Persistent disk size—As a default, secondary workers are created with the smaller of 1000GB or the primary worker boot disk size. This disk space is used for local caching of data and is not available through HDFS. You can override the default disk size with the gcloud dataproc clusters create --secondary-worker-boot-disk-size command at cluster creation. You can specify this flag even if the cluster won't have secondary workers when it is created.
Asynchronous Creation—When you add secondary workers by creating or scaling up a cluster, the secondary workers may not be provisioned by the time the create or update operation finishes. This is because Dataproc manages secondary workers using Managed Instance Groups (MIGs), which create VMs asynchronously as soon as they can be provisioned (see Checking the status of managed instances).

Preemptible and non-preemptible secondary workers

There are three types of secondary workers: spot VMs, standard preemptible VMs, and non-preemptible VMs. The default Dataproc secondary worker type is the standard preemptible VM. You can specify a mix of Spot and non-preemptible secondary workers.

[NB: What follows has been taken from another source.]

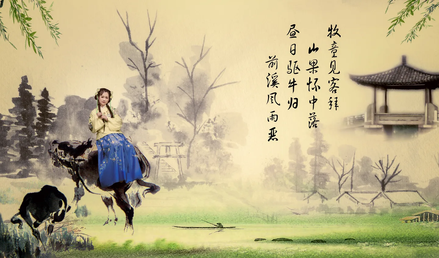 噗哈哈~~合成了牧童放牛图好赞,这脑洞厉害的……

Example: If you select three secondary workers when you create a cluster, you can specify three spot VMs, three preemptible VMS, three non-preemptible VMs, or a mix of spot and non-preemptible workers.

Preemptible workers

Although the potential removal of preemptible workers can affect job stability, you may decide to use preemptible instances to lower per-hour compute costs for non-critical data processing or to create very large clusters at a lower total cost (you can use the Google Cloud pricing calculator to estimate costs).
For best results, the number of preemptible workers in your cluster should be less than 50% of the total number of all workers (primary plus all secondary workers) in your cluster.
When using preemptible workers, your jobs will most likely experience a greater number of transient single-worker task failures compared to jobs run on non-preemptible workers. To increase job tolerance to low-level task failures, you can set cluster property values similar to the default property values used with autoscaling clusters to increase the maximum number of task retries and help avoid job failures.

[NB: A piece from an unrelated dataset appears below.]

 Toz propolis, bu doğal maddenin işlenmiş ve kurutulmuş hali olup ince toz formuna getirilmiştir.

Tip: Consider using Enhanced Flexibility Mode if you are using preemptible VMs with Spark.
A cost-savings consideration: Using preemptible VMs does not always save costs since preemptions can cause longer job execution with resulting higher job costs. Although using Enhanced Flexibility Mode (EFM) with preemptible VMs can help mitigate this result, the overall cost savings of preemptible VMs will vary with each use case. Generally, short-lived jobs are more suitable for preemptible VM use, since the probability of preemptions during job execution will be lower. Try different job options, such as no preemptible VMs and preemptible VMs with EFM, to estimate costs and arrive at the best solution.

Non-preemptible workers

You can create a cluster with non-preemptible secondary workers to scale compute without sacrificing job stability. To do this, specify non-preemptible as the secondary worker type. You can mix non-preemptible with spot secondary workers.

Select secondary workers

You can specify the number and type of secondary workers when you create a cluster using the Google Cloud console, gcloud CLI or the Dataproc API.

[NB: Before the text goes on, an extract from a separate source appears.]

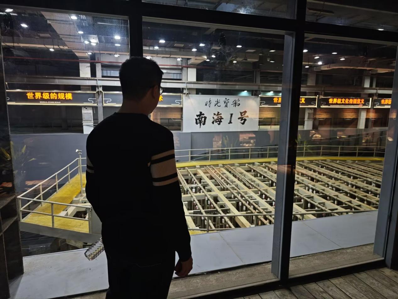 在广东海上丝绸之路博物馆,团队成员实地探访了以“南海Ⅰ号”为代表的宋代沉船遗址。通过观摩船模型,队员们直观了解了宋代造船技术的先进水平;在七大主题展区,透过“水晶宫”观测窗观察水下考古发掘现场,对水下文物保护工作的严谨性有了更深体会。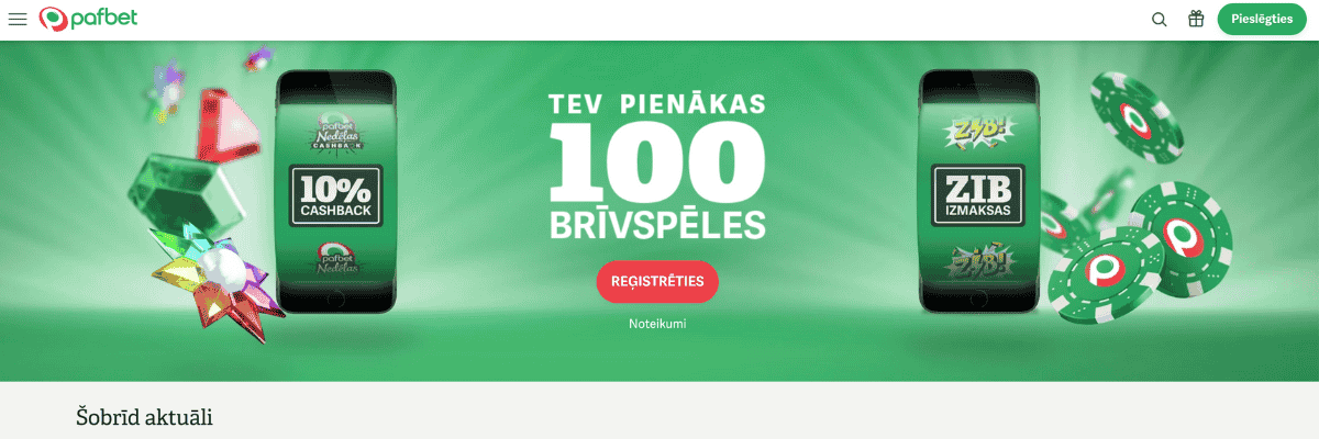 Vērtīgākā reģistrācijas akcija ir minētie 100 bezriska griezieni. Lai tos saņemtu, jauns spēlētājs veic vienu depozītu ≥20€, pēc tam Pafbet atsevišķā kārtībā aktivizē 50 griezienus Book of Ra Deluxe un 50 griezienus Green Star bez riska. Mūsu atsauksmes liecina, ka Pafbet periodiski izsludina arī tematiskas brīvspēļu kampaņas sadaļā Piedāvājumi – tās parasti piesaistītas jaunām vai īpaši izceltām spēlēm.

You can mix spot with non-preemptible secondary workers.
You can update your cluster after it is created to change the number, but not the type, of secondary workers in your cluster.
Label updates propagate to all preemptible secondary workers within 24 hours. Label updates don't propagate to existing non-preemptible secondary workers. Label updates propagate to all workers added to a cluster after a label update. For example, if you scale up the cluster, all new primary and secondary workers will have the new labels.

Console

You can specify the number of secondary workers when creating a Dataproc cluster from the Google Cloud console. After a cluster has been created, you can add and remove secondary workers by editing the cluster configuration from the Google Cloud console.

Create a cluster with secondary workers

You can set the number and type of secondary workers to apply to a new cluster from the Secondary worker nodes section of the Configure nodes panel on the Dataproc Create a cluster page of the Google Cloud console. Specify the number and type of secondary workers in the Secondary worker nodes and Preemptibility fields, respectively.

Update a cluster with secondary instances

To update the number of secondary workers in a cluster, click the name of the cluster on the Clusters page of the Google Cloud console. On the Cluster details page. Click the **Configuration** tab, then click Edit and update the number in the Secondary worker nodes field.

Remove all secondary instances from a cluster

To remove all secondary workers from a cluster, update the cluster configuration as explained earlier, specifying 0 in the Secondary worker nodes field.

Google Cloud CLI command

Use the gcloud dataproc clusters create command to add secondary workers to a cluster when the cluster is created. After a cluster is created, you can add or remove secondary workers to or from the cluster with the gcloud dataproc clusters update command (the number but not type of secondary workers can be updated).

Create a cluster with secondary workers

To create a cluster with secondary workers, use the gcloud dataproc clusters create command with the --num-secondary-workers argument. Secondary workers are standard preemptible VMs by default. You can specify non-preemptible or spot secondary workers when you create a cluster by setting --secondary-worker-type flag to `non-preemptible` or `spot`. The following examples show how to create a cluster with each secondary worker type: the `preemptible` (default), spot (preemptible), and non-preemptible. You can use additional flags to mix spot with non-preemptible secondary workers.

Example 1

The following command creates "cluster1" with two standard preemptible (default type) secondary workers.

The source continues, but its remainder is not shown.